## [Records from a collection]
Start of Block

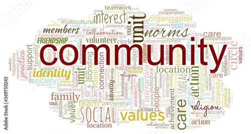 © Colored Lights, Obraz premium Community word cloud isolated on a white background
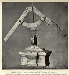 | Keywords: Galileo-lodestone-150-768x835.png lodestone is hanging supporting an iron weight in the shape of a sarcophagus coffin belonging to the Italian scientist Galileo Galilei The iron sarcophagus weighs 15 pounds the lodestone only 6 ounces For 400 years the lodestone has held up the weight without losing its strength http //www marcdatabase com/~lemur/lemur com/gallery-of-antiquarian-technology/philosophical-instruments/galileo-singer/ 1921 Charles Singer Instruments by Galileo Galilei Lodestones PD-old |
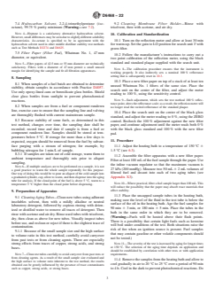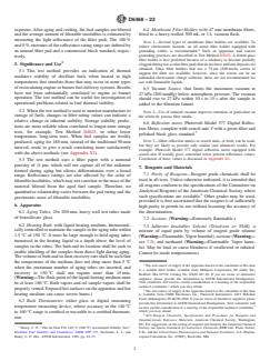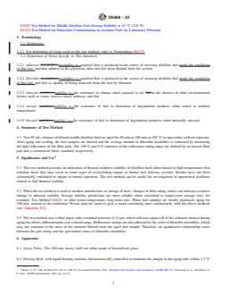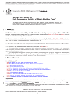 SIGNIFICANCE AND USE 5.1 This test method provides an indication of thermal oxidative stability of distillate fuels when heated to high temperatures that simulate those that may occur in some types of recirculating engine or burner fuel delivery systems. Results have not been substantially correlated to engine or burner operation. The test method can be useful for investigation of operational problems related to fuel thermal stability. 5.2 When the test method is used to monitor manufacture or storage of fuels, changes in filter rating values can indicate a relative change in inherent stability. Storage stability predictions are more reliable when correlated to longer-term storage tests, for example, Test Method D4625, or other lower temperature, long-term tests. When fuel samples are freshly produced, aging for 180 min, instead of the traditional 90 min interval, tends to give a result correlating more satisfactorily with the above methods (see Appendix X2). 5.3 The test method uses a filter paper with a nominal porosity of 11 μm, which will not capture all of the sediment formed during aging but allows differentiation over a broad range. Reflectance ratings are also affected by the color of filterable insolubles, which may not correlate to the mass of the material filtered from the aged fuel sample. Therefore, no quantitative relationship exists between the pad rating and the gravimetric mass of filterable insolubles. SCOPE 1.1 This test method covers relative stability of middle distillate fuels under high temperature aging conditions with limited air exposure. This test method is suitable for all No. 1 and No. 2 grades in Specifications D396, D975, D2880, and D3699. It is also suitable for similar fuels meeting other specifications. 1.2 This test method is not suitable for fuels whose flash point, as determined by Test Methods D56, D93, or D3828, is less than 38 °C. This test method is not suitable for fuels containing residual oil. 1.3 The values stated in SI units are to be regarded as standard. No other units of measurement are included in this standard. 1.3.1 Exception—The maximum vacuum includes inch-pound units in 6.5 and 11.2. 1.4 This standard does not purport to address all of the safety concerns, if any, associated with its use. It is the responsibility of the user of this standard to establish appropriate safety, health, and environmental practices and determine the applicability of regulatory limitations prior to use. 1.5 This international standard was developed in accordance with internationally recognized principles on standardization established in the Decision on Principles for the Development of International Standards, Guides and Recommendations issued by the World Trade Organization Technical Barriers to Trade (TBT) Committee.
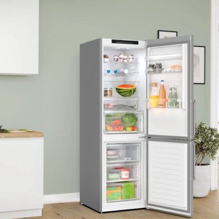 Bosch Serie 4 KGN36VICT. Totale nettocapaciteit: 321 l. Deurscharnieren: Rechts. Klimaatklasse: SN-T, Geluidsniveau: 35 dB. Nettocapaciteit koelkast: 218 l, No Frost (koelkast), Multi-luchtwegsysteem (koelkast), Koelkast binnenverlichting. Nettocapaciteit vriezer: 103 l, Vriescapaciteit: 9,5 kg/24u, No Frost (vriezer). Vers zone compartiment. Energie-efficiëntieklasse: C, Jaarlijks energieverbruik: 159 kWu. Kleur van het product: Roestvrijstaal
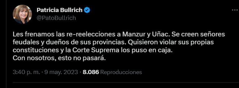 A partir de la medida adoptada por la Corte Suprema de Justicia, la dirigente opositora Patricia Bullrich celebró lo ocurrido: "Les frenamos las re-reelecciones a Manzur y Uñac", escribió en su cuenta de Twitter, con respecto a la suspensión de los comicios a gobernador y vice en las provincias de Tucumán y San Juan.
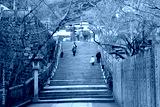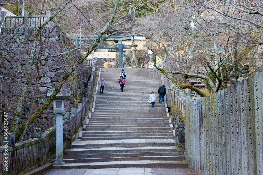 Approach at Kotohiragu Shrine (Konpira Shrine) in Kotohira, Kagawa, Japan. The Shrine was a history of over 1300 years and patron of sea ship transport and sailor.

End of Block

If a line comes after the line with "Lodestones PD-old |", it stays out; print exactly every line from the start of the entries up to and including that line, but no pictures.

 © Colored Lights, Obraz premium Community word cloud isolated on a white background
 | Keywords: Galileo-lodestone-150-768x835.png lodestone is hanging supporting an iron weight in the shape of a sarcophagus coffin belonging to the Italian scientist Galileo Galilei The iron sarcophagus weighs 15 pounds the lodestone only 6 ounces For 400 years the lodestone has held up the weight without losing its strength http //www marcdatabase com/~lemur/lemur com/gallery-of-antiquarian-technology/philosophical-instruments/galileo-singer/ 1921 Charles Singer Instruments by Galileo Galilei Lodestones PD-old |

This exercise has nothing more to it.